Most everyone associated with security is familiar with the standard four layer security model. Well, in August of last year Bruce Schneier published a brief update of this on his blog. Dave Piscitello proposed adding another layer. I liked it so much that I typed out the whole list and stuck it on my cube wall so I wouldn't forget it.

• Admissibility: Is the host device/channel valid and safe?
• Authentication: Who are you?
• Authorization: What are you allowed to do?
• Availability: Is the data accessible?
• Authenticity: Is the data intact?

Although its on my wall, staring at me for the last year, I hadn't made any connections to it yet. I was thinking of hard wired shielded networks with proprietary connections. And there is plenty of argument about the validity; if its on an open network, and you rely on the machine to tell you everything is fine, that can be spoofed as well.

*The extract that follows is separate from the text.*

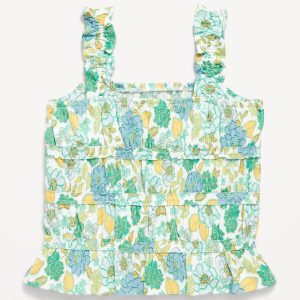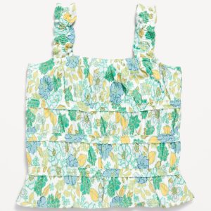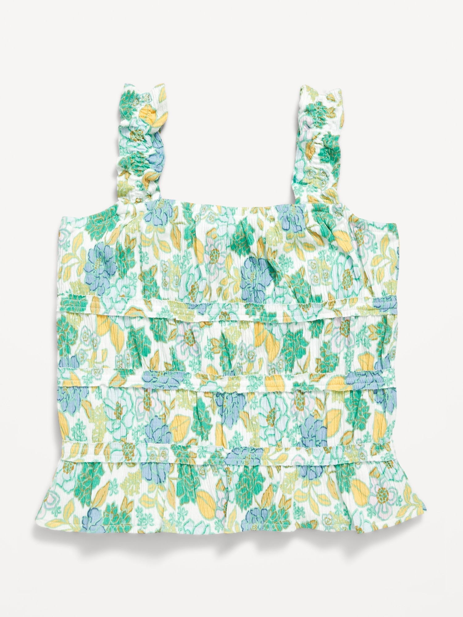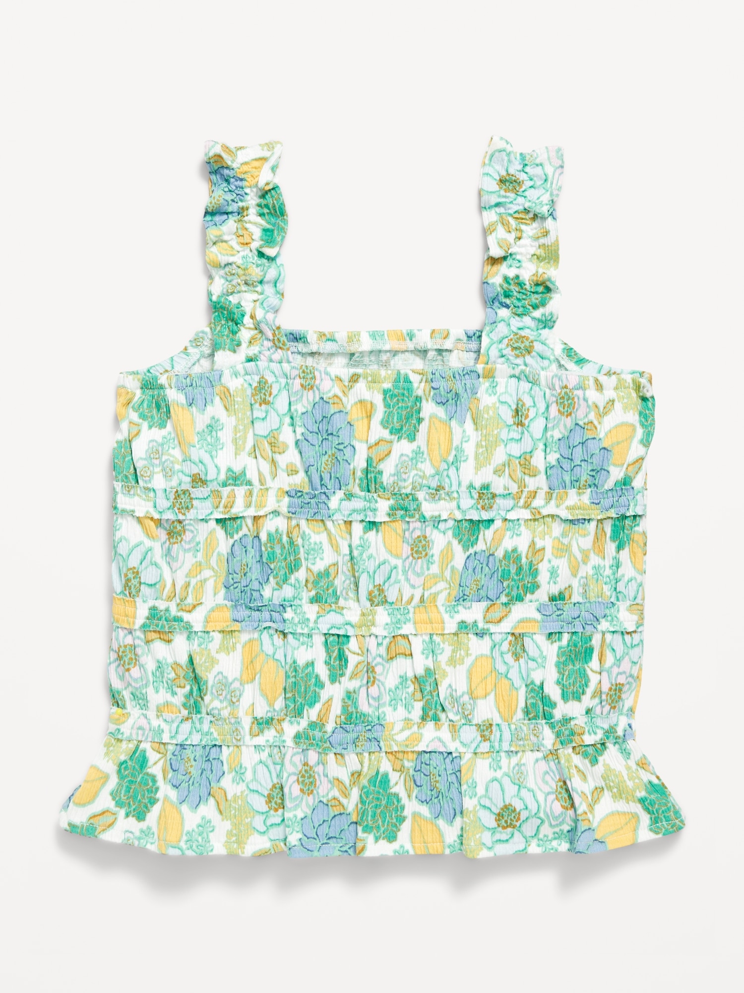 Fitted Smocked Tank Top for Girls: square neckline, wide shoulder straps, smocked bodice, ruffled hem, #766945

The end result is I was not sure how it would ever apply to me until I looked at it this morning. I spend a lot of my time now designing UI and specifying behaviors for a bundle of fairly restrictive FCC regulations coming online on 12/8. If you don't work for a telecom, this is the fallout from that pretexting stuff last year. One of the components is notification of...everything. Changes, possible spoofing, password resets, etc. It all goes to your contact addresses on file. You get an email, text message, letter or whatever. And for extra security, you have to wait 30 days before a new address can be used (till then, all comms go to the old address). Presumably this gives time to correct an improper reset action by someone hacking in. But the 30 day rule is exempted for wireless devices. Specifically (I have presumed and specified; as its not super-well written) our wireless devices. See, we own the network, head to toe. We have control over the device's access to the network. If you report it stolen, its functionally disabled, immediately. And so on. So, this is a great example of device and network admissability in practice.